**Problem requirements**. What is needed is an exact reproduction of the lines in the records below, starting at the line with "A NITECORE NBP100R" and ending at the line with "-. Feature : Impress", both included, and nothing else; pictures stay out.

**Stored data**.
Start of Block

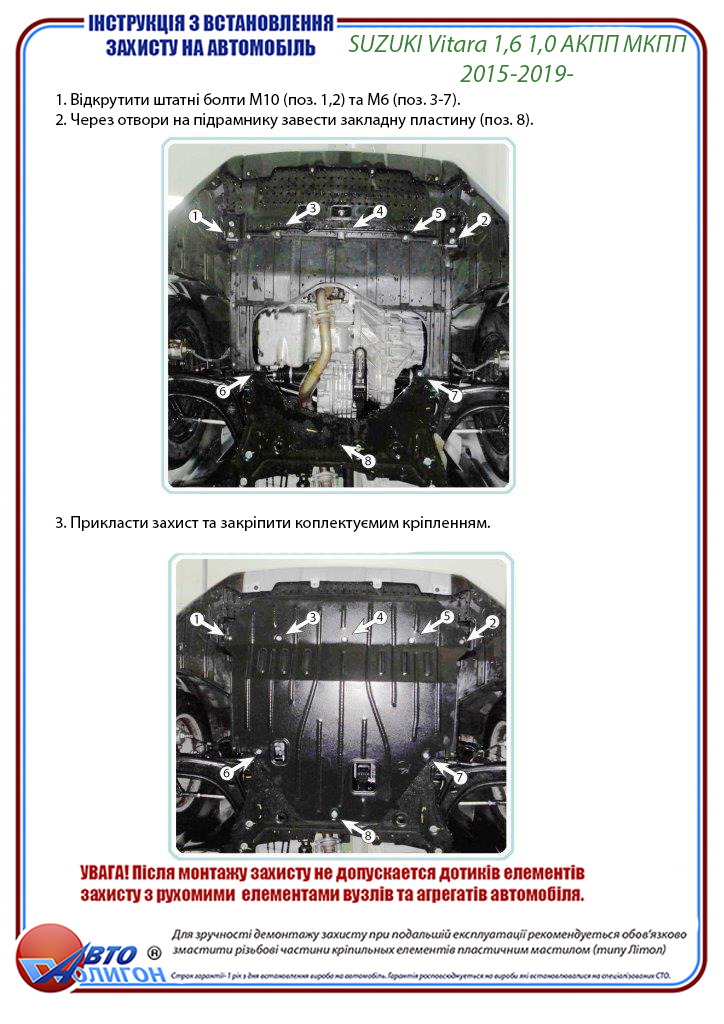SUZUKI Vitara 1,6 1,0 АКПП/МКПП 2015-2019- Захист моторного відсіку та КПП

End of Block
Start of Block

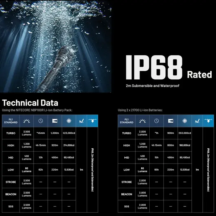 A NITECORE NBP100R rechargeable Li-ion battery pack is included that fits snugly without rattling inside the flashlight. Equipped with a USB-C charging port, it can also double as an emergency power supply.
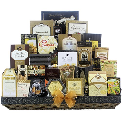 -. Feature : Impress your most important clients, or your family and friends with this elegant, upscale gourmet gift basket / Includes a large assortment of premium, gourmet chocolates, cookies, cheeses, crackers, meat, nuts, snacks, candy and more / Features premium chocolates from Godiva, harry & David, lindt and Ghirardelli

End of Block

**Solution to this task**.
 A NITECORE NBP100R rechargeable Li-ion battery pack is included that fits snugly without rattling inside the flashlight. Equipped with a USB-C charging port, it can also double as an emergency power supply.
 -. Feature : Impress your most important clients, or your family and friends with this elegant, upscale gourmet gift basket / Includes a large assortment of premium, gourmet chocolates, cookies, cheeses, crackers, meat, nuts, snacks, candy and more / Features premium chocolates from Godiva, harry & David, lindt and Ghirardelli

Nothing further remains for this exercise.